:: TASK DATA ::
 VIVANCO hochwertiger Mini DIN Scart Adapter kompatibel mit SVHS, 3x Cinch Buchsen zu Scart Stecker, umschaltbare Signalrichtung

* * *

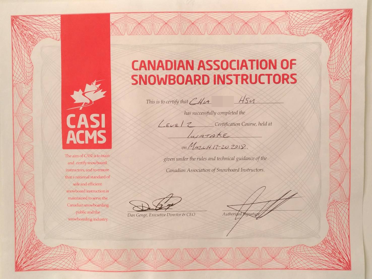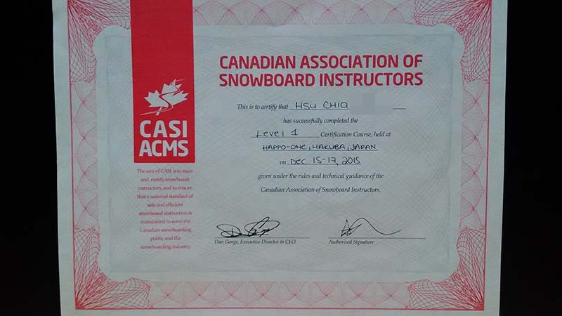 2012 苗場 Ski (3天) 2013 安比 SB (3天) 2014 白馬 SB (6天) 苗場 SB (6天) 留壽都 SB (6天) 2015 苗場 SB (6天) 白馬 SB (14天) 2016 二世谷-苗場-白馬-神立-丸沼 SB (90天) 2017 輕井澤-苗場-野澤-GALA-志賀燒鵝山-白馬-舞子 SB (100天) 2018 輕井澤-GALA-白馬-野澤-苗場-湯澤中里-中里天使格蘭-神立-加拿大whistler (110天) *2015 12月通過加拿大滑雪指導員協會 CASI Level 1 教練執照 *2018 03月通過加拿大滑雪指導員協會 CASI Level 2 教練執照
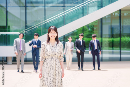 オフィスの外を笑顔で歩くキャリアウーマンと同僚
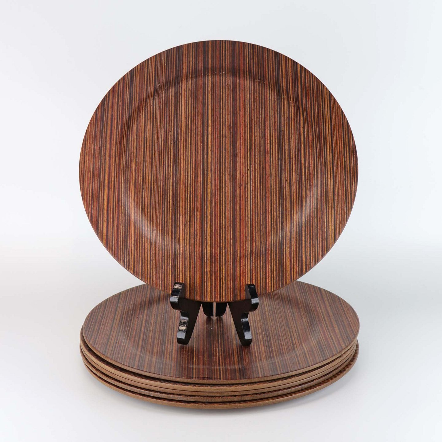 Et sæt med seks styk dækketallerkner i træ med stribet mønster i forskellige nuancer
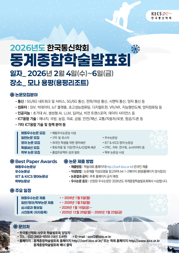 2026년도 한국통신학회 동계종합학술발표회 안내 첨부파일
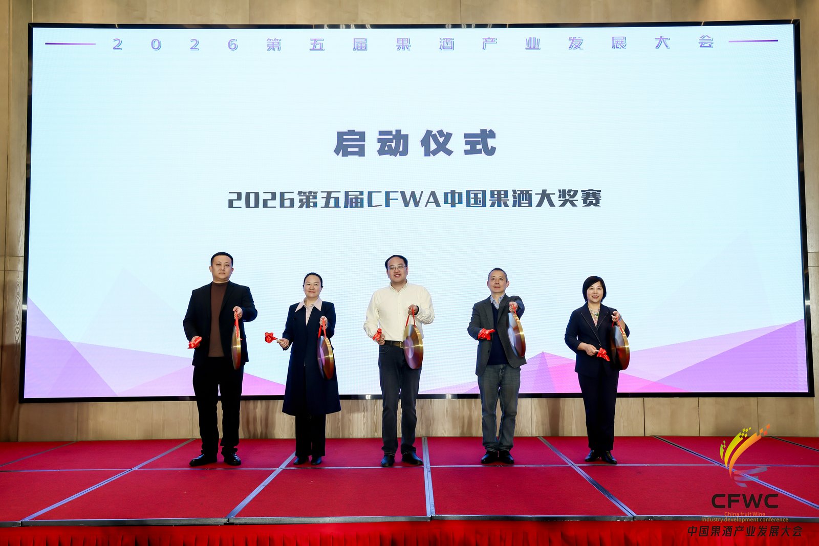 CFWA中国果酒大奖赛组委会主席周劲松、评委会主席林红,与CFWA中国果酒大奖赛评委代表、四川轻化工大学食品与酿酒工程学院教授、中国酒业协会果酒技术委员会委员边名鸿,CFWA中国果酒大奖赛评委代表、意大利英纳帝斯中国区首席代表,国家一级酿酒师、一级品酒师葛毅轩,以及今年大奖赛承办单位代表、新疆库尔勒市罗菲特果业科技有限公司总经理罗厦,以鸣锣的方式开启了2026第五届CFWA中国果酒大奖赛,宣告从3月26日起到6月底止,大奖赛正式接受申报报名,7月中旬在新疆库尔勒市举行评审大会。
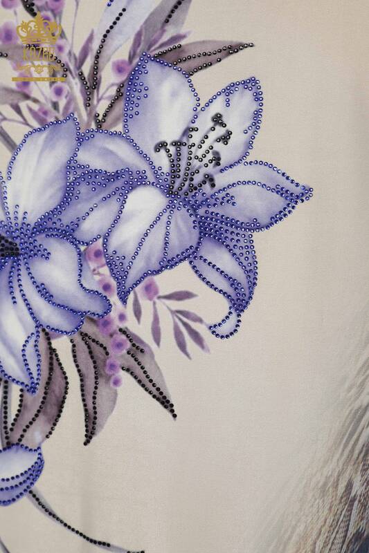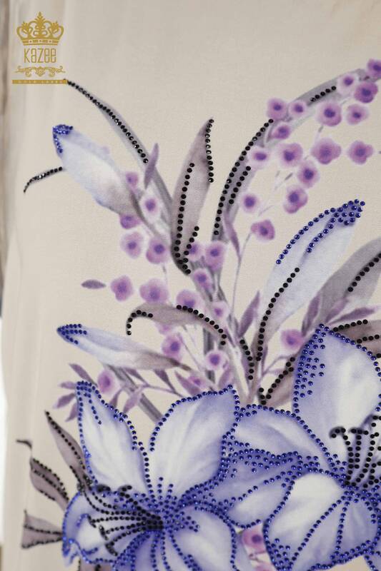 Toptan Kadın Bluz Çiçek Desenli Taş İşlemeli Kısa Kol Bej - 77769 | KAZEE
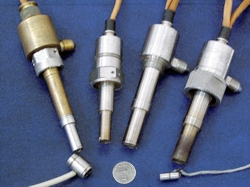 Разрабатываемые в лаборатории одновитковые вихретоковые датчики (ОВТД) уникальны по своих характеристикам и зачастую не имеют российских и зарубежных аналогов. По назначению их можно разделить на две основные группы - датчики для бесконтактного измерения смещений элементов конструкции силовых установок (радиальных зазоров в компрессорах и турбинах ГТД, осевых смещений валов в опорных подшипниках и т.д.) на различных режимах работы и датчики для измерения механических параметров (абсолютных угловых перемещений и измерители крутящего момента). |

:: WORK REQUEST ::
Repeat exactly the stretch of the listing above that starts with the line holding "Et sæt med seks" and finishes with the line holding "2026년도 한국통신학회 동계종합학술발표회 안내 첨부파일", both included. Skip every picture.

:: EXERCISE SOLUTION ::
 Et sæt med seks styk dækketallerkner i træ med stribet mønster i forskellige nuancer
 2026년도 한국통신학회 동계종합학술발표회 안내 첨부파일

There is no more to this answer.